TASK OBJECTIVE
Transcribe all the entries word for word, skipping the pictures.

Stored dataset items
=== Section Start ===

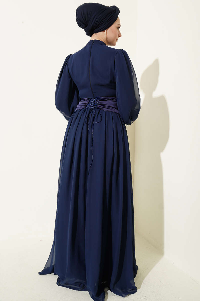 Ayna Kemerli Balon Kol Abiye Elbise Bebe Mavi
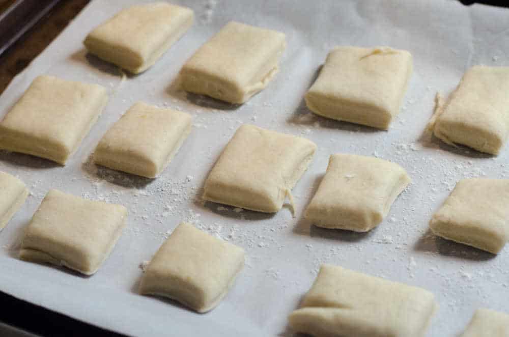 - Use a pizza cutter to cut the dough into rectangles about 3 inches by 5 inches big.
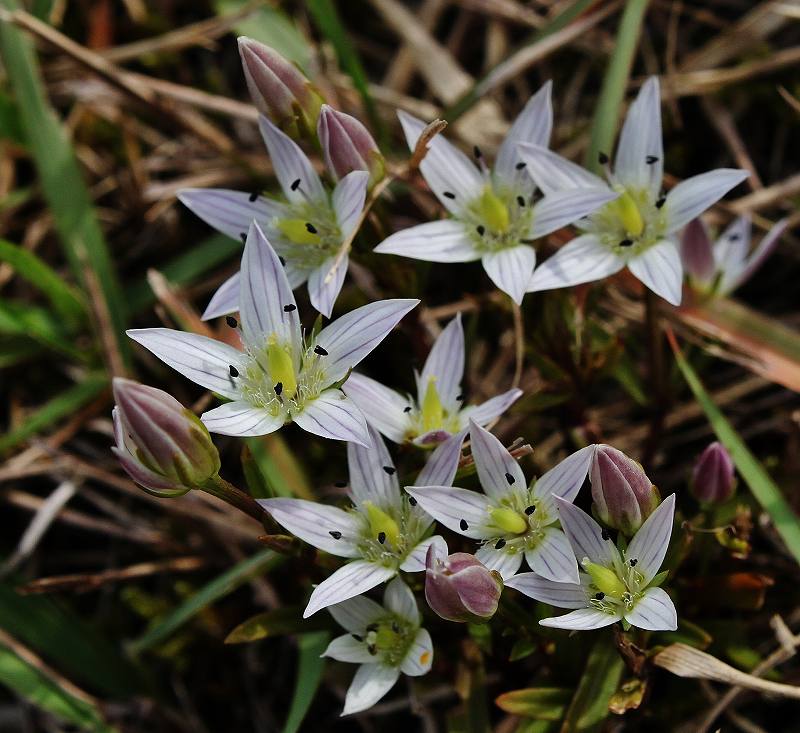 化女沼の宮沢遺跡の芝生にセンブリがいっぱい咲いていました。センブリ リンドウ科 「千振」、「当薬」センブリは強い苦味があります。苦さは、葉を虫に食べられないためです。 千回振り出し(煎じ)てもまだ苦味が残るということです。 「良薬は口に苦し」で苦いものは体にも心にも効くようです。 昔はノミやシラミを殺す殺虫剤としても利用されたそうです。 皮膚の血行促進作用から、最近育毛剤としても利用され、円形脱毛症への効果もある そうです。私は薄くないので、薄い人は試してみてください(^.^)
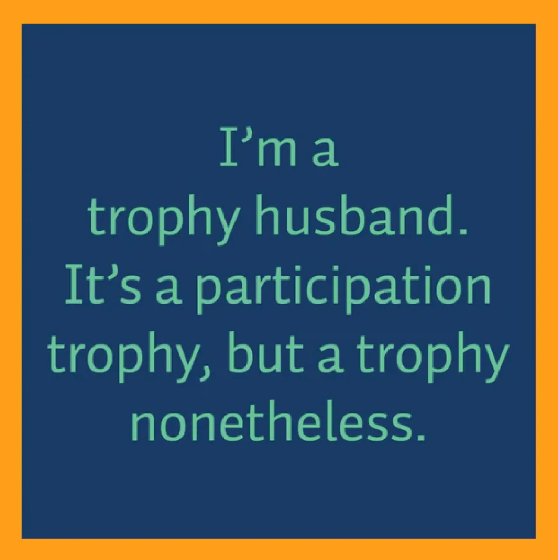 “I’m a trophy husband. It’s a participation trophy, but a trophy nonetheless.”
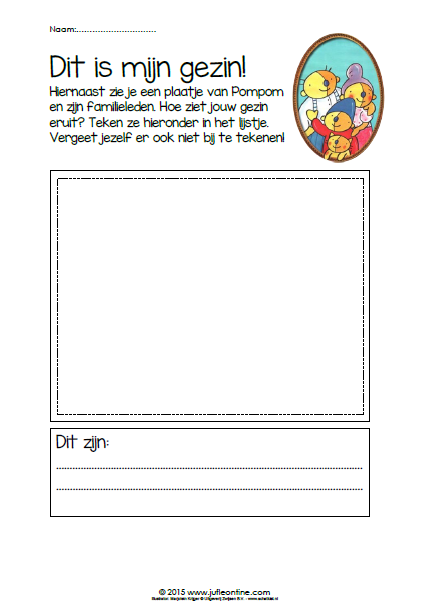 Op dit werkblad kunnen de kinderen hun gezin tekenen. Wie horen daar allemaal bij? Dat is per kind natuurlijk verschillend. Als het klaar is zet je er daarom zelf nog even onder wie ze allemaal hebben getekend.
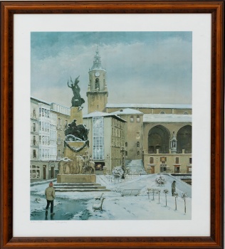 (Vitoria 1935) "Plaza de la Virgen Blanca, Vitoria " Firmado: V. Ugarte (a lapicero) Litografía / Papel Ejemplar: 310 / 500 58 x 50 cm. ; 63,5 x 56 cm. (con marco)
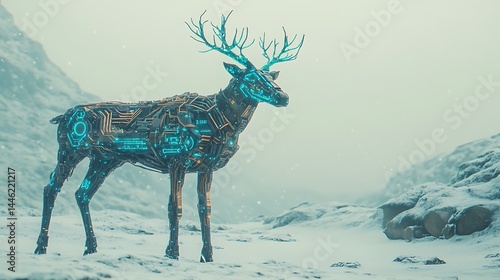 cervid, animal, nature, snow, winter, landscape, technology, future, fantasy, science, fiction, digital, art, illustration, mechanical, glowing, blue, circuit, metallic, wildlife, forest, mountain, cold, mist, fog, creative, poster, cover, isolated, design

=== Section End ===

WRITTEN ANSWER
 Ayna Kemerli Balon Kol Abiye Elbise Bebe Mavi
 - Use a pizza cutter to cut the dough into rectangles about 3 inches by 5 inches big.
 化女沼の宮沢遺跡の芝生にセンブリがいっぱい咲いていました。センブリ リンドウ科 「千振」、「当薬」センブリは強い苦味があります。苦さは、葉を虫に食べられないためです。 千回振り出し(煎じ)てもまだ苦味が残るということです。 「良薬は口に苦し」で苦いものは体にも心にも効くようです。 昔はノミやシラミを殺す殺虫剤としても利用されたそうです。 皮膚の血行促進作用から、最近育毛剤としても利用され、円形脱毛症への効果もある そうです。私は薄くないので、薄い人は試してみてください(^.^)
 “I’m a trophy husband. It’s a participation trophy, but a trophy nonetheless.”
 Op dit werkblad kunnen de kinderen hun gezin tekenen. Wie horen daar allemaal bij? Dat is per kind natuurlijk verschillend. Als het klaar is zet je er daarom zelf nog even onder wie ze allemaal hebben getekend.
 (Vitoria 1935) "Plaza de la Virgen Blanca, Vitoria " Firmado: V. Ugarte (a lapicero) Litografía / Papel Ejemplar: 310 / 500 58 x 50 cm. ; 63,5 x 56 cm. (con marco)
 cervid, animal, nature, snow, winter, landscape, technology, future, fantasy, science, fiction, digital, art, illustration, mechanical, glowing, blue, circuit, metallic, wildlife, forest, mountain, cold, mist, fog, creative, poster, cover, isolated, design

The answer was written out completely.